An exact copy of all the data below is needed, without its pictures.

Given information:
-- -- --

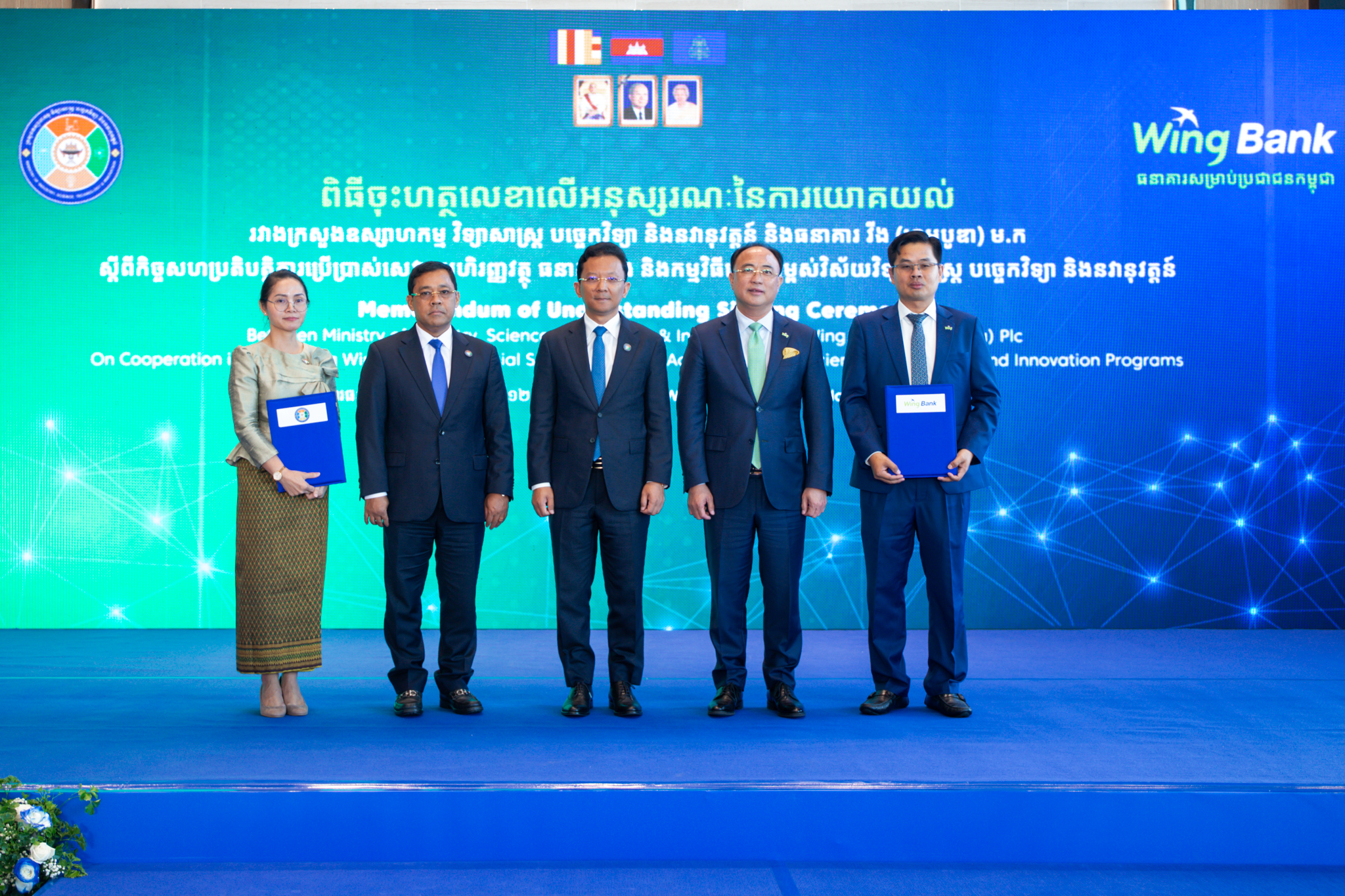 ពិធីចុះហត្ថលេខាលើអនុស្សរណៈនៃការយោគយល់នេះ ត្រូវបានរៀបចំធ្វើឡើងក្រោមអធិបតីភាព ឯកឧត្តម ហែម វណ្ណឌី រដ្ឋមន្ត្រីក្រសួងឧស្សាហកម្ម វិទ្យាសាស្រ្ត បច្ចេកវិទ្យា និងនវានុវត្តន៍ និងអ្នកឧកញ៉ា គិត ម៉េង ប្រធានក្រុមប្រឹក្សាភិបាល ធនាគារ វីង និងជាអគ្គនាយកក្រុមហ៊ុនរ៉ូយ៉ាល់គ្រុប។
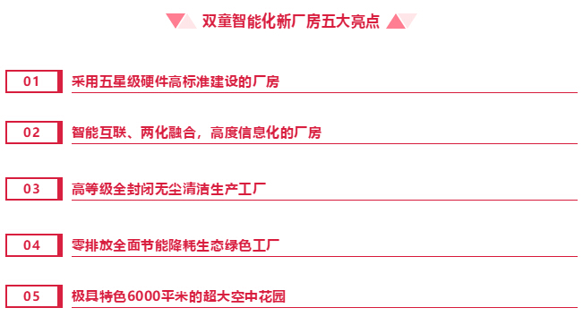 “雙童”智能化工廠(chǎng)按高規格的建筑標準,所有硬件都采用“五星級”標準,硬件標準之高將超乎一般制造業(yè)企業(yè)的想象!
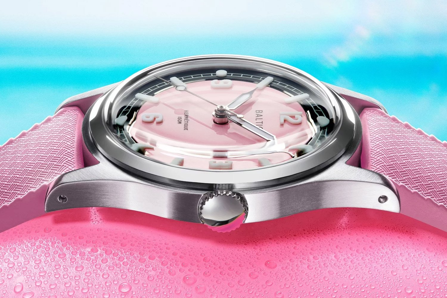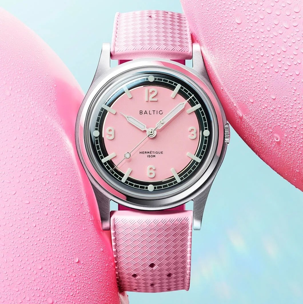 La Baltic Hermétique Summer Rose réinterprète avec finesse l’esthétique des montres de terrain en lui donnant une teinte rose estivale qui ne sacrifie rien à la lisibilité. Son cadran à secteur, cerclé de lames d’acier, met en valeur des index appliqués faits de Super-LumiNova et des aiguilles également jonchées de cette même matière pour offrir une excellente visibilité en tout temps. Logée dans un boîtier inspiré des années 1960 avec une étanchéité poussée à 150 mètres, cette pièce allie personnalité chromatique et vocation de baroudeuse, apportant une énergie unique et surtout très cool. C’est un second coup de coeur pour nous. Prix : 660 €. Disponible ici >>>

-- -- --

Written answer:
 ពិធីចុះហត្ថលេខាលើអនុស្សរណៈនៃការយោគយល់នេះ ត្រូវបានរៀបចំធ្វើឡើងក្រោមអធិបតីភាព ឯកឧត្តម ហែម វណ្ណឌី រដ្ឋមន្ត្រីក្រសួងឧស្សាហកម្ម វិទ្យាសាស្រ្ត បច្ចេកវិទ្យា និងនវានុវត្តន៍ និងអ្នកឧកញ៉ា គិត ម៉េង ប្រធានក្រុមប្រឹក្សាភិបាល ធនាគារ វីង និងជាអគ្គនាយកក្រុមហ៊ុនរ៉ូយ៉ាល់គ្រុប។
 “雙童”智能化工廠(chǎng)按高規格的建筑標準,所有硬件都采用“五星級”標準,硬件標準之高將超乎一般制造業(yè)企業(yè)的想象!
 La Baltic Hermétique Summer Rose réinterprète avec finesse l’esthétique des montres de terrain en lui donnant une teinte rose estivale qui ne sacrifie rien à la lisibilité. Son cadran à secteur, cerclé de lames d’acier, met en valeur des index appliqués faits de Super-LumiNova et des aiguilles également jonchées de cette même matière pour offrir une excellente visibilité en tout temps. Logée dans un boîtier inspiré des années 1960 avec une étanchéité poussée à 150 mètres, cette pièce allie personnalité chromatique et vocation de baroudeuse, apportant une énergie unique et surtout très cool. C’est un second coup de coeur pour nous. Prix : 660 €. Disponible ici >>>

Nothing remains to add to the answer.